Standard attention computes:

```
o_t = Ξ£_{i≀t} softmax(q_t Β· k_i) v_i    β€” requires O(T) KV-cache
```

Monoid attention compresses the entire causal history into a **fixed-size state matrix** S_t per head:

```
S_t = diag(Ξ±_t) Β· S_{t-1} + k_t βŠ— v_t     β€” vector decay monoid recurrence
o_t = q_t Β· S_t                              β€” state readout
```

This is a monoid because the binary operator `(log_Ξ±, S) βŠ• (log_Ξ², X) = (log_Ξ± + log_Ξ², exp(log_Ξ²)Β·S + X)` is **associative**, enabling O(T) parallel prefix scan for training and O(1) sequential update for inference.

## Vector Decay β€” Per-Dimension Memory Lifetimes

Unlike scalar decay (one α per head), Spartacus uses **vector decay**: each dimension of the d-vector has its own independent decay rate α_t[i] ∈ (0, 1]:

```
S_t[i,j] = Ξ±_t[i] Β· S_{t-1}[i,j] + k_t[i] Β· v_t[j]
```

This allows different feature dimensions to specialize:
- **Fast-decaying dimensions** (Ξ± β‰ˆ 0) β€” local syntax, punctuation, function words
- **Slow-decaying dimensions** (Ξ± β‰ˆ 1) β€” entity memory, topic tracking, long-range facts

The decay gate uses **Negative Softplus** activation:

```
log Ξ±_t = -softplus(WΒ·x_t + b)
```

| Property | Value |
|---|---|
| Range | Ξ± ∈ (0, 1] β€” bounded, no explosion |
| Perfect memory | WΒ·x β†’ -∞ ⟹ softplus β†’ 0 ⟹ Ξ± β†’ 1 (lossless retention) |
| Full forgetting | WΒ·x β†’ +∞ ⟹ softplus β†’ ∞ ⟹ Ξ± β†’ 0 (complete reset) |
| Stability | Ξ± ≀ 1 by construction β€” no divergence regardless of input magnitude |

## Attention Mask β€” Padding-Aware Recurrence

The monoid recurrence correctly handles `attention_mask` for padded batches (e.g., left-padding during `generate()`).
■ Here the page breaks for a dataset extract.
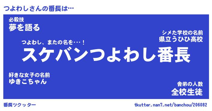 | ファンタジー風あだ名 | 『ツヨフェル』『エターナルツヨワシー』 |

For PAD positions (mask=0):

```
log_Ξ± = 0    β†’  Ξ± = 1  (preserve state unchanged)
k = 0, v = 0 β†’  kv = 0 (no information injected)
```

Net effect: `S_t = 1Β·S_{t-1} + 0 = S_{t-1}` β€” PAD acts as the **monoid identity element**, completely invisible to the recurrence. This ensures identical outputs whether inputs are padded or not.

## Design Choices

- **SiLU-activated keys**: `k = SiLU(k_proj(x))` ensures non-negative keys, making the state matrix S positive semi-definite (PSD). This prevents "feature erasure" where one token's contribution cancels another's
- **QK-Norm**: RMSNorm on both q and k before readout, stabilizing the scale of qΒ·S when the state matrix accumulates many outer products
- **Log-space decay**: Working in log-space `log(Ξ±)` avoids numerical underflow when Ξ±^T β†’ 0 for long sequences
- **Learnable h0**: The initial state Sβ‚€ = h0 is a learnable parameter (zero-initialized), acting as a compressed "system prompt"
- **Negative Softplus gate**: Ensures Ξ± ∈ (0, 1] by construction β€” allows perfect memory (Ξ±=1) while preventing state explosion (Ξ±>1)

## Three Forward Paths

| Path | Condition | Complexity | Description |
|---|---|---|---|
| Training | `use_cache=False` | O(T) parallel scan | Vectorized outer products β†’ parallel prefix scan β†’ vectorized readout |
| Inference prefill | `use_cache=True, T>1` | O(T) parallel scan | Same as training + extracts final state S_T for cache |
| Inference decode | `use_cache=True, T=1` | **O(1)** monoid_op | Single `monoid_op` to fold new token into state β†’ one matmul readout |

## Model Details

| Parameter | Value |
|---|---|
| Model | `NoesisLab/Spartacus-1B-Instruct` |
| Architecture | MonoidForCausalLM |
| Parameters | ~1.34B (tied embeddings) |
| Hidden size | 2048 |
| Intermediate size (MLP) | 8192 |
| Layers | 16 |
| Attention heads | 32 |
| Head dimension | 64 |
| Decay gate | Vector decay, d=64 per head |
| State matrix per head | 64 Γ— 64 = 4,096 floats |
| Vocabulary | 128,256 (Llama-3.2 tokenizer) |
| Precision | bfloat16 |

## Benchmarks (0-shot)

| Task | Metric | Value | Stderr |
|---|---|---|---|
| ARC-Challenge | acc_norm | 0.3063 | Β±0.0135 |
| ARC-Easy | acc | 0.5518 | Β±0.0102 |
| HellaSwag | acc_norm | 0.4610 | Β±0.0050 |
| PIQA | acc_norm | 0.6915 | Β±0.0108 |
| WinoGrande | acc | 0.5225 | Β±0.0140 |

### Comparison with ~1B Baselines (acc_norm, 0-shot)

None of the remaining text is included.